# [Your goal]
Skip the pictures. Output only the lines below starting at the line with "This is an original" and ending at the line with "At baseline and", both ends included, exactly as they are.

# [Data in this exercise]
_ _ _ _

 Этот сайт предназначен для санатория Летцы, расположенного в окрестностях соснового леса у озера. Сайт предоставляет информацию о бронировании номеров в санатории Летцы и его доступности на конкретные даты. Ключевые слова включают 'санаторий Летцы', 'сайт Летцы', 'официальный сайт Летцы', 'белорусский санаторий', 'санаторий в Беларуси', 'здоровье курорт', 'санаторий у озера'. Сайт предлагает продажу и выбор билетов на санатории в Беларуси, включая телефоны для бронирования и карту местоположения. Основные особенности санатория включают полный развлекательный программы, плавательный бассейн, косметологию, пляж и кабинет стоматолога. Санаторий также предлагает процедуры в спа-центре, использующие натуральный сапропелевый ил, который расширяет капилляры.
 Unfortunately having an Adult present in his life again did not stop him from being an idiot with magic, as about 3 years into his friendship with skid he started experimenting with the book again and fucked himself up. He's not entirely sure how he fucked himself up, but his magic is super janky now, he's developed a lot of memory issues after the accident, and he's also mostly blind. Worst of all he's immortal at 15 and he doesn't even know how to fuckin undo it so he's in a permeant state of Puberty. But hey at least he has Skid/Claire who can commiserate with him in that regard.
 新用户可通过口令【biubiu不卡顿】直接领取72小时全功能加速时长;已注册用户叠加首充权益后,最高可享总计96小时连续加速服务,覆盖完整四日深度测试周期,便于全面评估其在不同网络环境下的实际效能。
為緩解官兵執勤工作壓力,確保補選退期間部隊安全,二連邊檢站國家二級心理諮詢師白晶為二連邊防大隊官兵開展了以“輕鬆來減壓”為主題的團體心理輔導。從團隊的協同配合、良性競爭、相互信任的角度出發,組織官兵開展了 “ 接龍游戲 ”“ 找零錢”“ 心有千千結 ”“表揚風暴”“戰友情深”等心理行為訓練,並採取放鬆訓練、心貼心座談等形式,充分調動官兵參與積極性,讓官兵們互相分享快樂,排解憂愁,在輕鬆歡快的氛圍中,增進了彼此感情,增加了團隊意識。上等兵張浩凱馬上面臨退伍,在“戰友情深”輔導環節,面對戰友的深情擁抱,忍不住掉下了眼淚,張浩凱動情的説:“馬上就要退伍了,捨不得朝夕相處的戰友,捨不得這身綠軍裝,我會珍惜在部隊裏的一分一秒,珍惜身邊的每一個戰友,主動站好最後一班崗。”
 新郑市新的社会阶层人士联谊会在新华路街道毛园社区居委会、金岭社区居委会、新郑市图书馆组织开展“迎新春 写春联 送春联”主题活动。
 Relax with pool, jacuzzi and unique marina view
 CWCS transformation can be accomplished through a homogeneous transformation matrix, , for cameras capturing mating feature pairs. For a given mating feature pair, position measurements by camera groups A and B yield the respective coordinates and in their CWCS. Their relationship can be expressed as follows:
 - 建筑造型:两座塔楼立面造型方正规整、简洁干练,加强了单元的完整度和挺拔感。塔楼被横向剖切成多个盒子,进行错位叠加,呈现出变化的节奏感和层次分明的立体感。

_ _ _ _

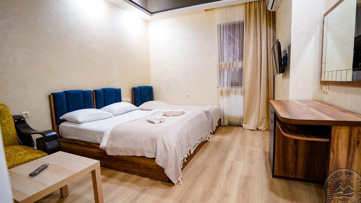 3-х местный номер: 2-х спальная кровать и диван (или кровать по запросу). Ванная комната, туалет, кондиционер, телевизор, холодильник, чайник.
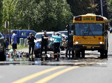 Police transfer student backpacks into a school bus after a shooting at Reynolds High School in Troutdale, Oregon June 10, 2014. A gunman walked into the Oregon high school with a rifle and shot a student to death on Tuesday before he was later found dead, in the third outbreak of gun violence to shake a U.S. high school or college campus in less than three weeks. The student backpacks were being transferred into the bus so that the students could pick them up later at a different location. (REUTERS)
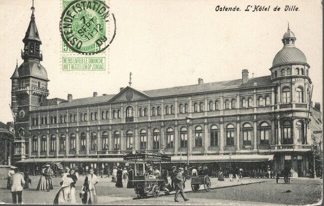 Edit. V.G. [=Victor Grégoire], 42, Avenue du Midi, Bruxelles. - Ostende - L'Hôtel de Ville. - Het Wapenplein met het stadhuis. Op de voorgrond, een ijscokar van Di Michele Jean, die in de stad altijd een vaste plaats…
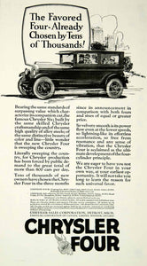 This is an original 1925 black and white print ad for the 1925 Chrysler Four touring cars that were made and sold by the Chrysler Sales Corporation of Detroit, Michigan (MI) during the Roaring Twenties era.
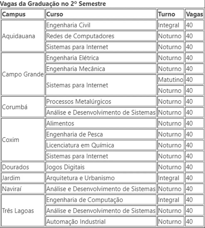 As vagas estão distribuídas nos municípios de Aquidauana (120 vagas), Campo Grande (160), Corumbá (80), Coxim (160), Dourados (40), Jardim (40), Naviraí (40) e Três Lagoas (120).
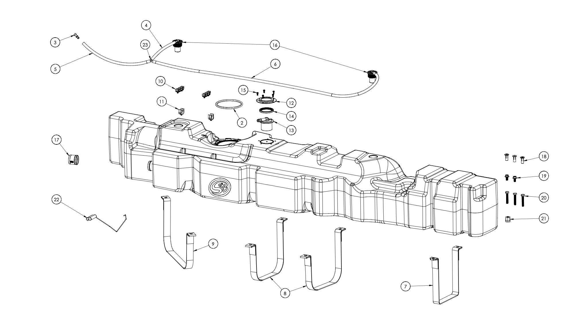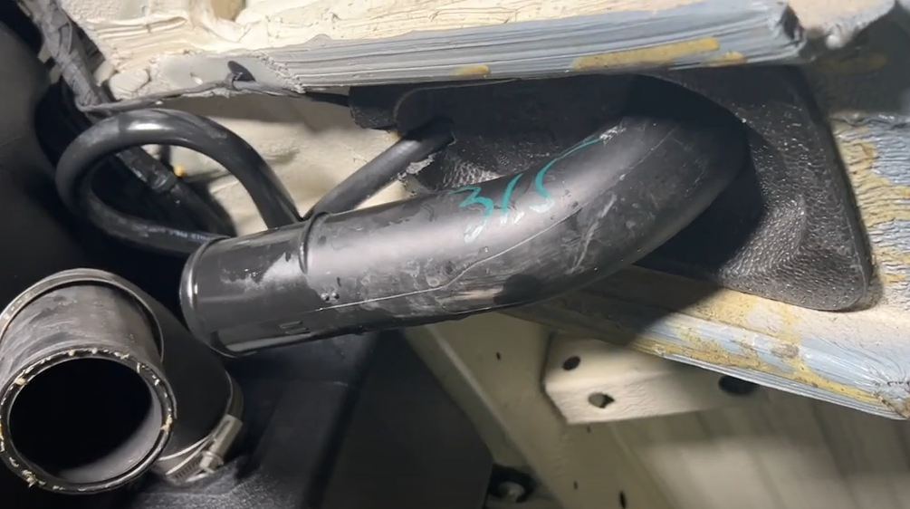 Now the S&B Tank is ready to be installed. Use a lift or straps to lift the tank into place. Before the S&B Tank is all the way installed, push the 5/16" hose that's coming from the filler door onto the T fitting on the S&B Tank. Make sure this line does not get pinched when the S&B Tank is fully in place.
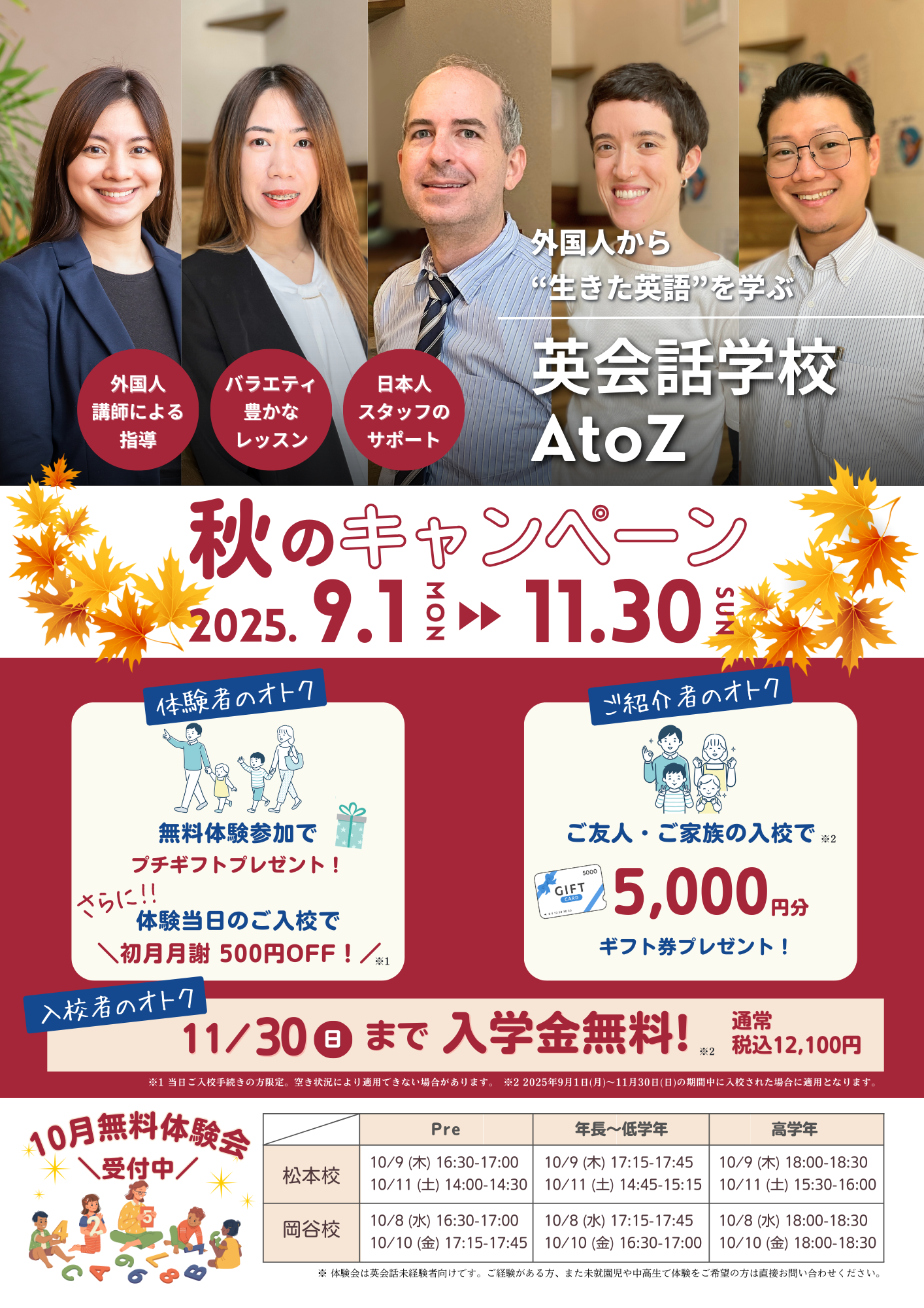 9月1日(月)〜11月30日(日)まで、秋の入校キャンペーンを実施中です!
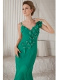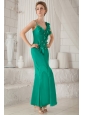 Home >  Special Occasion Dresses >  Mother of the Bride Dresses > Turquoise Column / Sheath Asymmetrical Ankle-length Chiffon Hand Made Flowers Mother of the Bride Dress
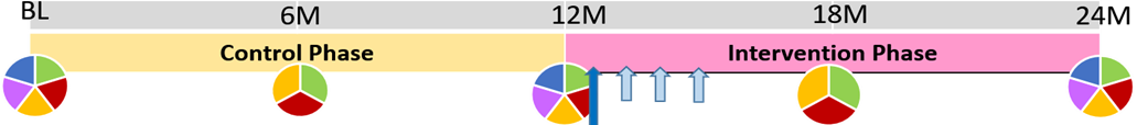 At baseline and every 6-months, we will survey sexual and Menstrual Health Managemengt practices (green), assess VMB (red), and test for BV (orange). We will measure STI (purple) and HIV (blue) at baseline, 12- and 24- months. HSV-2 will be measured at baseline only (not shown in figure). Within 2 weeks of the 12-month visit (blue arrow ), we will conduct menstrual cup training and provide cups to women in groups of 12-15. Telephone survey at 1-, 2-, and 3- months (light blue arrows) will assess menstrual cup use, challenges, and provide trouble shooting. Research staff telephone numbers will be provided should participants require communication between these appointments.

_ _ _ _

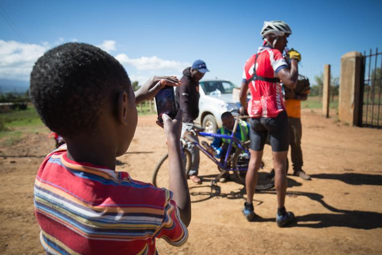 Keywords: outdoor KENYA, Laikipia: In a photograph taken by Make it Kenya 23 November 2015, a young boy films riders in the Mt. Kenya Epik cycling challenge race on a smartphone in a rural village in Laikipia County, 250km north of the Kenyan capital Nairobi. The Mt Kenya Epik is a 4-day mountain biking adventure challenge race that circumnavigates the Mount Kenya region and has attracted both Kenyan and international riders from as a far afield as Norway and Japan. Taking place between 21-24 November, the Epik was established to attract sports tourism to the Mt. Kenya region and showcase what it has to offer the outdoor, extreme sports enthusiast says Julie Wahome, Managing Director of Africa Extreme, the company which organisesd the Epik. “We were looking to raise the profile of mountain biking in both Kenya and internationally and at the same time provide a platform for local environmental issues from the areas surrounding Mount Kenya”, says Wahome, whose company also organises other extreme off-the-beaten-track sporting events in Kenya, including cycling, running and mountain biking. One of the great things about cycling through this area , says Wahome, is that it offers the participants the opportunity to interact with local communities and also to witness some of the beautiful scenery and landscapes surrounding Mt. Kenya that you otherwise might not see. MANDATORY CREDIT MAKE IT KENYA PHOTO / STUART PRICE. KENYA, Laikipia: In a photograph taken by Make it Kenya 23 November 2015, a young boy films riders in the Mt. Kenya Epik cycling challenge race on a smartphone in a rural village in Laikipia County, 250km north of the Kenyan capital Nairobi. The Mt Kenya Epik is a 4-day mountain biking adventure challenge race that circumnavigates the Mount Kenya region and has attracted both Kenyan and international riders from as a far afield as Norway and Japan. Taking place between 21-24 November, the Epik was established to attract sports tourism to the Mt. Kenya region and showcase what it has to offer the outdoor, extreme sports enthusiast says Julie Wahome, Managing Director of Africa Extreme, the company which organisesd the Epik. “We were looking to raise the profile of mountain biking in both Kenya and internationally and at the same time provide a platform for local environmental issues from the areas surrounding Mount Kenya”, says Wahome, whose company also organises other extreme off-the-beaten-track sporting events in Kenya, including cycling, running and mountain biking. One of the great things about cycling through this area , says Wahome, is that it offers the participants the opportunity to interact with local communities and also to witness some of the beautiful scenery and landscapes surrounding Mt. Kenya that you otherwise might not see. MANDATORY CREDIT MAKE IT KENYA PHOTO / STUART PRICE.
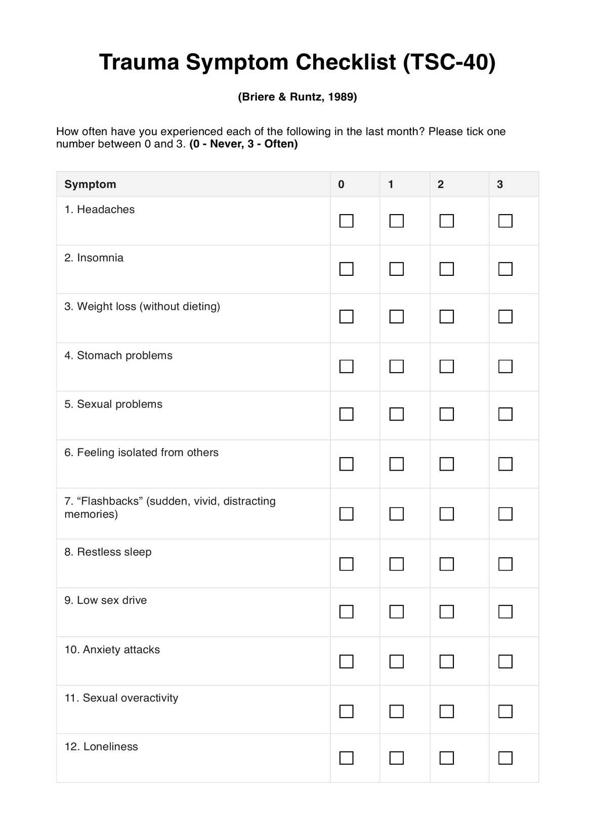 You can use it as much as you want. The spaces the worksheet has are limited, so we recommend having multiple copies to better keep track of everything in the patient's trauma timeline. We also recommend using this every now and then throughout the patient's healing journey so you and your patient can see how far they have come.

_ _ _ _

# [Task output]
 This is an original 1925 black and white print ad for the 1925 Chrysler Four touring cars that were made and sold by the Chrysler Sales Corporation of Detroit, Michigan (MI) during the Roaring Twenties era.
 As vagas estão distribuídas nos municípios de Aquidauana (120 vagas), Campo Grande (160), Corumbá (80), Coxim (160), Dourados (40), Jardim (40), Naviraí (40) e Três Lagoas (120).
 Now the S&B Tank is ready to be installed. Use a lift or straps to lift the tank into place. Before the S&B Tank is all the way installed, push the 5/16" hose that's coming from the filler door onto the T fitting on the S&B Tank. Make sure this line does not get pinched when the S&B Tank is fully in place.
 9月1日(月)〜11月30日(日)まで、秋の入校キャンペーンを実施中です!
 Home >  Special Occasion Dresses >  Mother of the Bride Dresses > Turquoise Column / Sheath Asymmetrical Ankle-length Chiffon Hand Made Flowers Mother of the Bride Dress
 At baseline and every 6-months, we will survey sexual and Menstrual Health Managemengt practices (green), assess VMB (red), and test for BV (orange). We will measure STI (purple) and HIV (blue) at baseline, 12- and 24- months. HSV-2 will be measured at baseline only (not shown in figure). Within 2 weeks of the 12-month visit (blue arrow ), we will conduct menstrual cup training and provide cups to women in groups of 12-15. Telephone survey at 1-, 2-, and 3- months (light blue arrows) will assess menstrual cup use, challenges, and provide trouble shooting. Research staff telephone numbers will be provided should participants require communication between these appointments.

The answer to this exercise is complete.